SOA Architekti retains parts of the original floor plan while reorganizing the space around a clear operational strategy. Food preparation divides into two connected zones. Fresh ingredients and primary cooking remain hidden within the back-of-house kitchen, while the final assembly of every dish takes place at the front counter in full view of guests. The arrangement creates transparency between kitchen and customer while supporting an efficient workflow during busy service periods.
Rather than treating the serving counter as a simple point of transaction, the architects turn it into the restaurant’s focal element. Visitors witness the final stages of meal preparation before collecting their order, creating a direct relationship between food production and dining. The process introduces movement into the interior and reinforces the project’s emphasis on freshness and craftsmanship.

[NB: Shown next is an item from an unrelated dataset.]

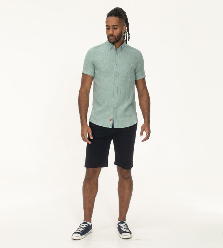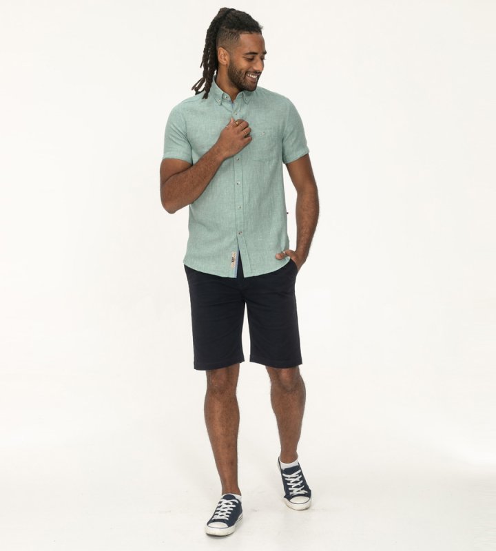 Embrace fresh, airy elegance with the FALMOUTH 2-D555 Mint Linen Mix Short-Sleeve Shirt—a breezy wardrobe staple designed to elevate your warm-weather style. Combining the crisp polish of a button-down collar with the relaxed charm of a chest pocket, this mint-hued shirt blends timeless design with lightweight comfort, perfect for sunny days spent outdoors or casual yet refined occasions.

The visual identity emerged through close collaboration between the architects, the clients, and the graphic designer. Instead of separating branding from architecture, the project integrates both into a single spatial language. A flowing wave inspired by the Korean flag appears throughout the restaurant, connecting exterior signage, the serving counter, and graphic applications across the walls. The motif provides continuity without becoming overly literal, introducing rhythm that guides visitors naturally through the compact interior.
Color plays an equally important role. Blue establishes the restaurant’s primary visual framework, appearing on tables, banquette seating, wall finishes, and lighting details. White tiled surfaces introduce familiarity, while vivid red grout transforms a conventional material into an expressive graphic element. Above the serving counter, an orange mesh ceiling installation adds texture and depth while defining the preparation area. Together, the three colors create an energetic atmosphere that recalls the visual intensity of Seoul without relying on decorative imitation.

Material choices remain straightforward and durable. Concrete, tile, painted surfaces, and metal mesh reflect the demands of a high-traffic restaurant while supporting the project’s industrial character. The restrained palette allows color and graphics to carry much of the visual expression, avoiding unnecessary ornament.
The seating strategy supports different ways of using the restaurant. Window seating accommodates quick meals and people watching, a communal concrete table encourages shared dining, while additional seating offers greater flexibility for longer visits. Customers also have the option to take their meals away, reinforcing the restaurant’s identity as a fast yet carefully prepared dining destination.

The Kimchi succeeds because it refuses to separate architecture, branding, and operation into independent layers. SOA Architekti treats each element as part of a single system where circulation, food preparation, graphic identity, and spatial experience support one another. The result feels direct and confident, translating the immediacy of Korean street food into an architectural language that remains clear, functional, and unmistakably contemporary.